Dr. Thomas W. Powell – Owner/Instructor Trainer (SDI/TDI/ERDI) – Air Hogs Scuba, Garner, NC

6 replies
  1. Bill
    Bill says:

    Seems like mindfulness meditation would be beneficial for divers (and for everyone for that matter). Just focus on the breath 🙂

  2. Jim Allen
    Jim Allen says:

    Decompression is not some kind of “zen” behavior, it is a series of protocols and methods for getting gases normalized in solution. Frankly, this whole article wreaks of someone who has minimal decompression experience. Clearlly not a doctor of anything medical or scientific

  3. Thomas
    Thomas says:

    Bill, that is a fun way of thinking about relaxing and passing the time during decompression. The word mindful made me chuckle. I very much get your point that you still have to remain focused and cognizant of what you are doing. My real objective was to discuss how to make decompression periods less painful, or to “speed up the process” when it is something a diver must undertake.

    Jim, I absolutely agree with your definition of decompression and I imagine you took my article title as a reference toward truly reducing decompression time. If so, that misdirection was not intended. As I noted, that would require a dive plan change, which involves subject matter I was not intending to cover in this article. I thank you very much for your input, and could not agree more about what decompression is and how important it is when planned or needed. On a side note, I never alluded to being a medical doctor or even something as simple as a massage therapist (involving physical health), but I do have multiple degrees in the world of higher education. Similarly, I did work very hard to earn them. Again, thanks so much for your comments and I encourage anyone interested in sharing valuable knowledge to contact International Training and ask about the possibility of writing something! It never hurts to share and discuss information. That type of activity is what makes us all better.

  4. James
    James says:

    Normalizing gases within the human body is an activity that is still being studied. This is why we teach dive THEORY. If an individual has a disagreement with the information being provided, that is all well and good. Attacking someone by claiming that they are “Clearly not a doctor of anything medical or scientific” should be saved for some of the other SCUBA related boards.

    Side note to that:
    When using the term “doctor” in that way, it should be capitalized.

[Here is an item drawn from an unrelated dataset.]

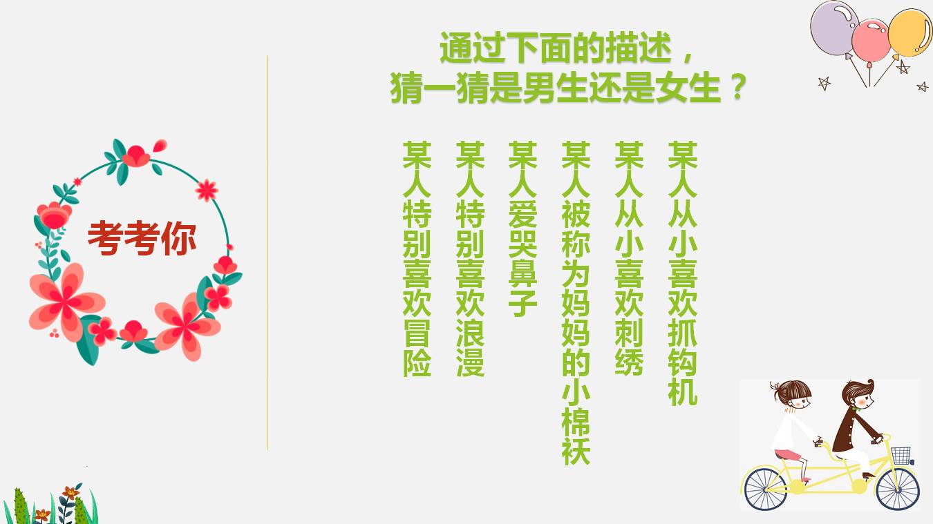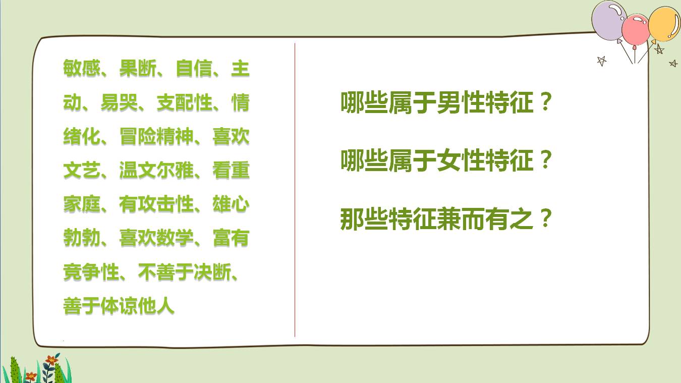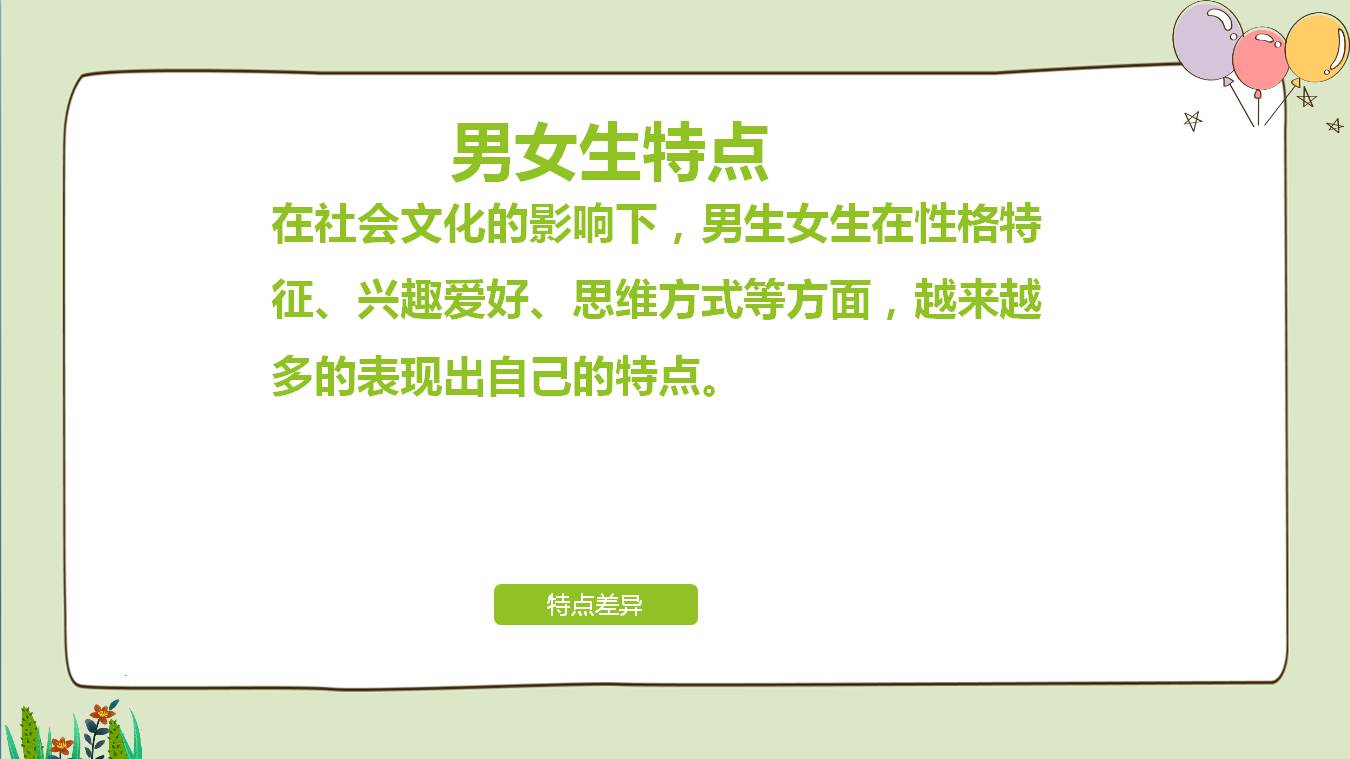 青春期教育課件,男生女生生理性格特征興趣愛好思維方式上的差異

    Now for a personal attack of my own to share how it feels:
    I guess they don’t teach that in the Massage Therapist weekend seminars.

    I have not been diving very long, but even I know when someone is just being a d**k about something. I hope everyone enjoys their day.

  5. Kelvin
    Kelvin says:

    I liking the thinking behind the points. Although, I can’t help but feel that the IPAD example worries me a little. I would prefer a buddy that monitors the surroundings & would be on hand to help if needed.

    Before getting into the whole debate I understand fully that as a tech diver we are all considering/ have planned for the worst scenario that we may have to finish the dive alone on our our gases & self reliance. I just disagree with the disengagement of the what should be a concerted team effort.